After installation, a build directory structure is created.
Each build directory contains include files, libraries, and applications.

A build directory is specific to a configuration that includes architecture + execution environment + toolchain.
It is possible to have several build directories sharing the same sources with different configurations.

For instance, to create a new build directory called my_sdk_build_dir using the default configuration template config/defconfig_x86_64-linuxapp,
we use:

.. code-block:: console

    cd ${RTE_SDK}
    make config T=x86_64-native-linuxapp-gcc O=my_sdk_build_dir

This creates a new my_sdk_build_dir directory. After that, we can compile by doing:

.. code-block:: console

    cd my_sdk_build_dir
    make

which is equivalent to:

.. code-block:: console

    make O=my_sdk_build_dir

The content of the my_sdk_build_dir is then:

::

    -- .config                         # used configuration

    -- Makefile                        # wrapper that calls head Makefile
                                       # with $PWD as build directory


        -- build                              #All temporary files used during build
        +--app                                # process, including . o, .d, and .cmd files.
            |  +-- test                       # For libraries, we have the .a file.
            |  +-- test.o                     # For applications, we have the elf file.
            |  `-- ...
            +-- lib
                +-- librte_eal
                |   `-- ...
                +-- librte_mempool
                |  +--  mempool-file1.o
                |  +--  .mempool-file1.o.cmd
                |  +--  .mempool-file1.o.d
                |  +--   mempool-file2.o
                |  +--  .mempool-file2.o.cmd
                |  +--  .mempool-file2.o.d
                |  `--  mempool.a
                `-- ...

    -- include                # All include files installed by libraries
        +-- librte_mempool.h  # and applications are located in this
        +-- rte_eal.h         # directory. The installed files can depend
        +-- rte_spinlock.h    # on configuration if needed (environment,
        +-- rte_atomic.h      # architecture, ..)
        `-- \*.h ...

    -- lib                    # all compiled libraries are copied in this
        +-- librte_eal.a      # directory
        +-- librte_mempool.a
        `-- \*.a ...

    -- app                    # All compiled applications are installed
    + --test                  # here. It includes the binary in elf format

Refer to
:ref:`Development Kit Root Makefile Help <Development_Kit_Root_Makefile_Help>`
for details about make commands that can be used from the root of DPDK.

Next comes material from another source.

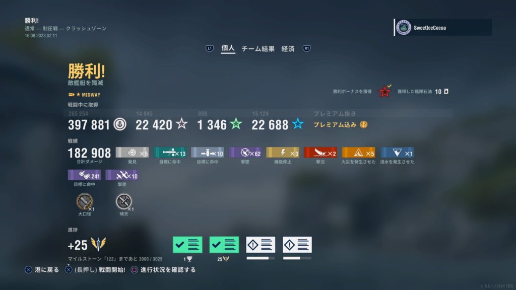 記念すべき10000戦を達成しました! でもスクショ撮り損ねてた。
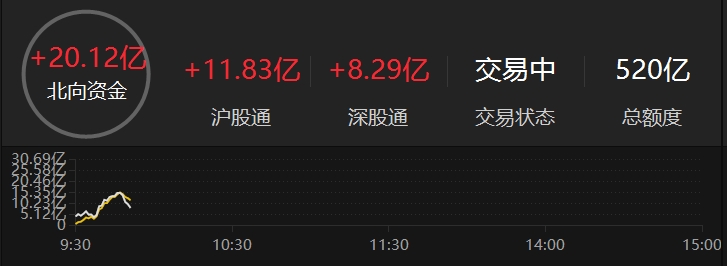 北向资金净流入超20亿元

Building External Applications
------------------------------

Since DPDK is in essence a development kit, the first objective of end users will be to create an application using this SDK.
To compile an application, the user must set the RTE_SDK and RTE_TARGET environment variables.

.. code-block:: console

    export RTE_SDK=/opt/DPDK
    export RTE_TARGET=x86_64-native-linuxapp-gcc
    cd /path/to/my_app

For a new application, the user must create their own Makefile that includes some .mk files, such as
${RTE_SDK}/mk/rte.vars.mk, and ${RTE_SDK}/mk/ rte.app.mk.
This is described in
:ref:`Building Your Own Application <Building_Your_Own_Application>`.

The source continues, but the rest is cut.